RECORDS TO PROCESS>
__________

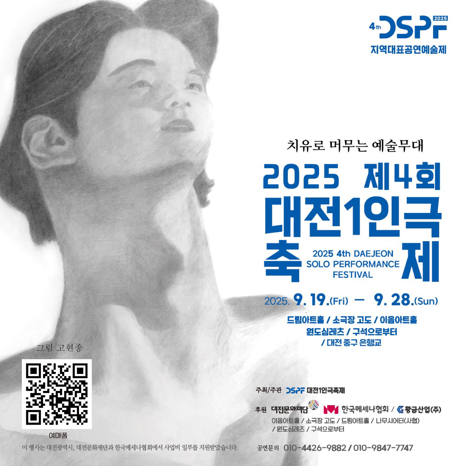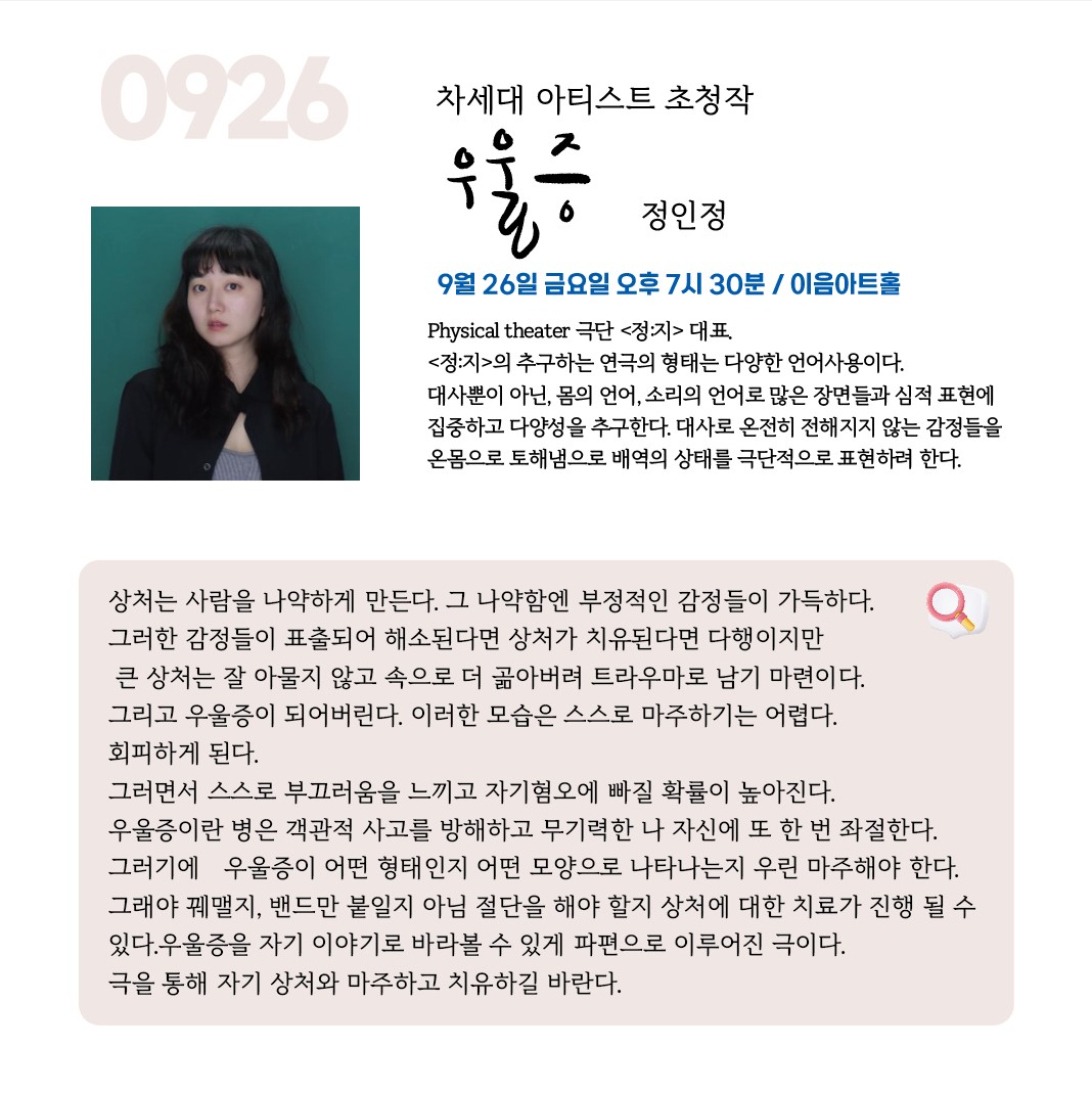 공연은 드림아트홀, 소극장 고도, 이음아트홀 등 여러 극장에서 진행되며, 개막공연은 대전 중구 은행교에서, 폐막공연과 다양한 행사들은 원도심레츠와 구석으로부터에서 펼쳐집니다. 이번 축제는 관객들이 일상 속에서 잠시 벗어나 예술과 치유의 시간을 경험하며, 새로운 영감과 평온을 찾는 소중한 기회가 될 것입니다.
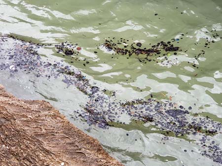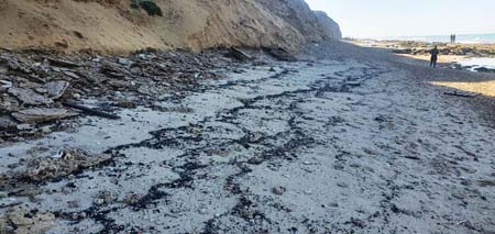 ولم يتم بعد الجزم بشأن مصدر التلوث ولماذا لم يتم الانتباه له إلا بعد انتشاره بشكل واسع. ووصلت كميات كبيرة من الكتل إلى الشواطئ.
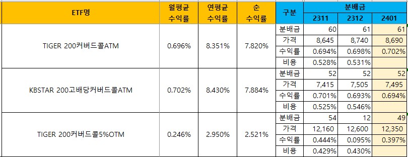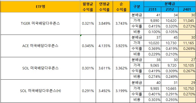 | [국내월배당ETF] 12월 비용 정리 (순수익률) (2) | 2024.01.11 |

__________

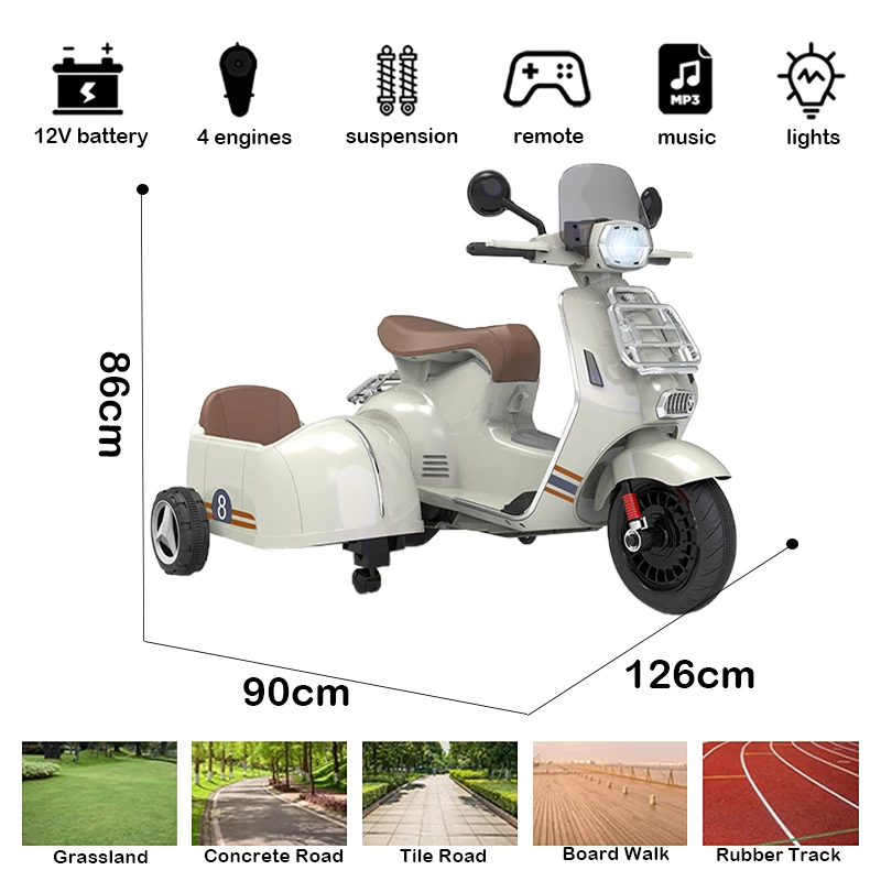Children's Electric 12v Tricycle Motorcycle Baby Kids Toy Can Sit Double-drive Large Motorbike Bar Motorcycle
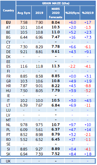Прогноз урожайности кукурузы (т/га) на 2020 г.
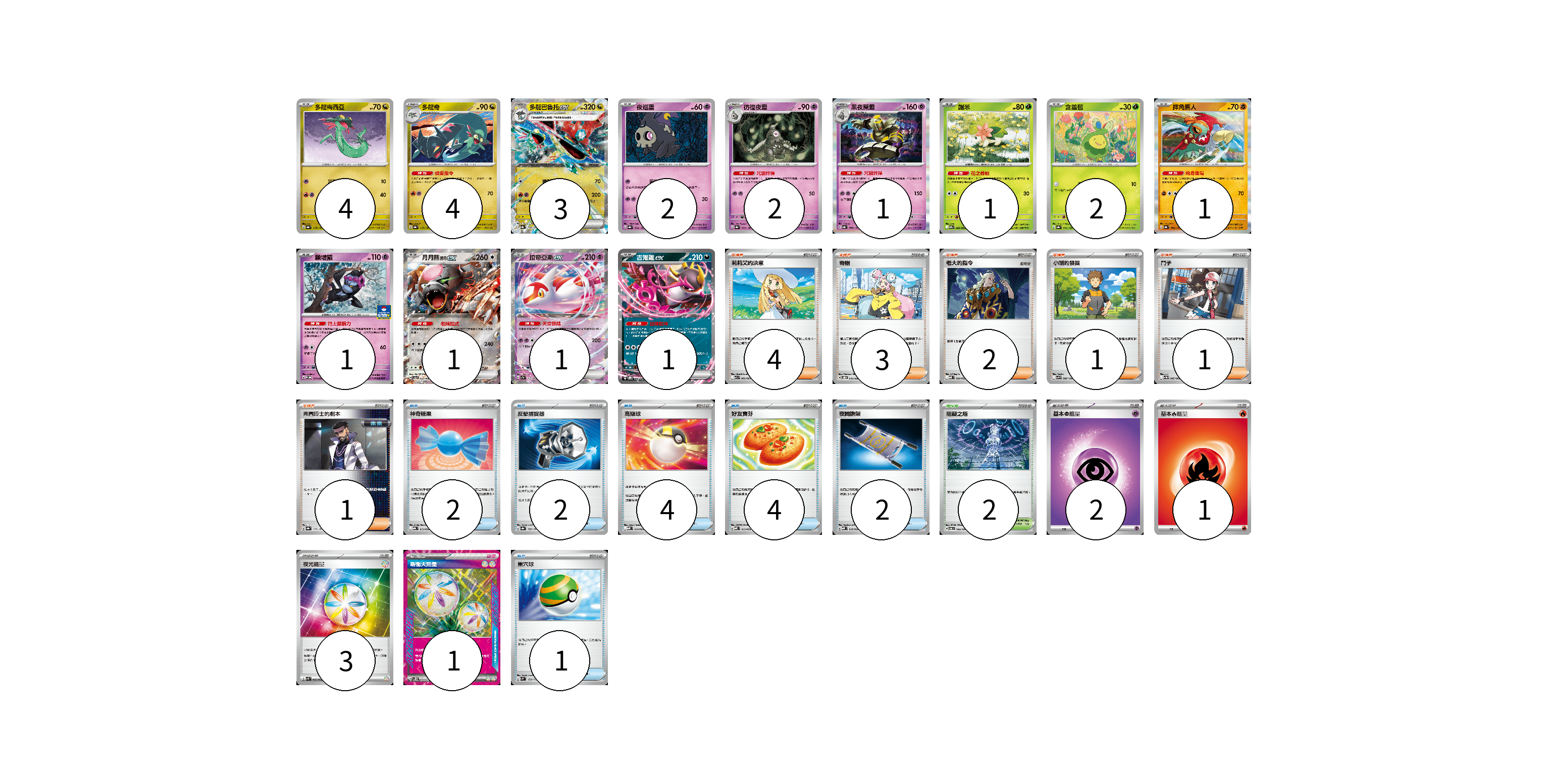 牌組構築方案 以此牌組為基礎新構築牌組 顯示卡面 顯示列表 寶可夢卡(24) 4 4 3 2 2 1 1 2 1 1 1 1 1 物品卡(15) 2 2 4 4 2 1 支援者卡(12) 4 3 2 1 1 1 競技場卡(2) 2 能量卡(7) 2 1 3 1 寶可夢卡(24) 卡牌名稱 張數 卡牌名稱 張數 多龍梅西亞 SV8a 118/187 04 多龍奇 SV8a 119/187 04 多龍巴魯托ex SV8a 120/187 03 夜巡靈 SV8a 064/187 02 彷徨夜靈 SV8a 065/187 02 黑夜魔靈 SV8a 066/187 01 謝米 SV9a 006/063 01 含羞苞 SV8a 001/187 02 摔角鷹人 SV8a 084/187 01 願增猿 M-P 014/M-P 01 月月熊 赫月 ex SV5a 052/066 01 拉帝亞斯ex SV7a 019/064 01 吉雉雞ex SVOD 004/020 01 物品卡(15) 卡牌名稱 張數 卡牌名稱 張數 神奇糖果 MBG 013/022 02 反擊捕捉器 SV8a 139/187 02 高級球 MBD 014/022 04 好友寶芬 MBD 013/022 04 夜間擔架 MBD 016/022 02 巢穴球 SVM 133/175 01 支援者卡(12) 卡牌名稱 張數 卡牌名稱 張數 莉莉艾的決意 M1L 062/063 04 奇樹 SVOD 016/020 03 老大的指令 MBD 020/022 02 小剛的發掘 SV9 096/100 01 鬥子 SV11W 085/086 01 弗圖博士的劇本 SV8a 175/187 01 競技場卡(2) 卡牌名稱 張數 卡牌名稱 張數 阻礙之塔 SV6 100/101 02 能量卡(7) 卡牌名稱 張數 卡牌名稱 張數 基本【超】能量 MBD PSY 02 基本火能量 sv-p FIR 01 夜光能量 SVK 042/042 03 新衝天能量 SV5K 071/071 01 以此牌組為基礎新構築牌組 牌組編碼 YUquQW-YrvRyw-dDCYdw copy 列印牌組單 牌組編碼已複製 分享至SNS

__________

YOUR TASK> If a picture sits between the line containing "공연은 드림아트홀, 소극장" and the line containing "(2) | 2024.01.11 |", leave it out, and return the lines of that range above exactly, both ends included.

SOLUTION FOR THIS EXERCISE>
 공연은 드림아트홀, 소극장 고도, 이음아트홀 등 여러 극장에서 진행되며, 개막공연은 대전 중구 은행교에서, 폐막공연과 다양한 행사들은 원도심레츠와 구석으로부터에서 펼쳐집니다. 이번 축제는 관객들이 일상 속에서 잠시 벗어나 예술과 치유의 시간을 경험하며, 새로운 영감과 평온을 찾는 소중한 기회가 될 것입니다.
 ولم يتم بعد الجزم بشأن مصدر التلوث ولماذا لم يتم الانتباه له إلا بعد انتشاره بشكل واسع. ووصلت كميات كبيرة من الكتل إلى الشواطئ.
 | [국내월배당ETF] 12월 비용 정리 (순수익률) (2) | 2024.01.11 |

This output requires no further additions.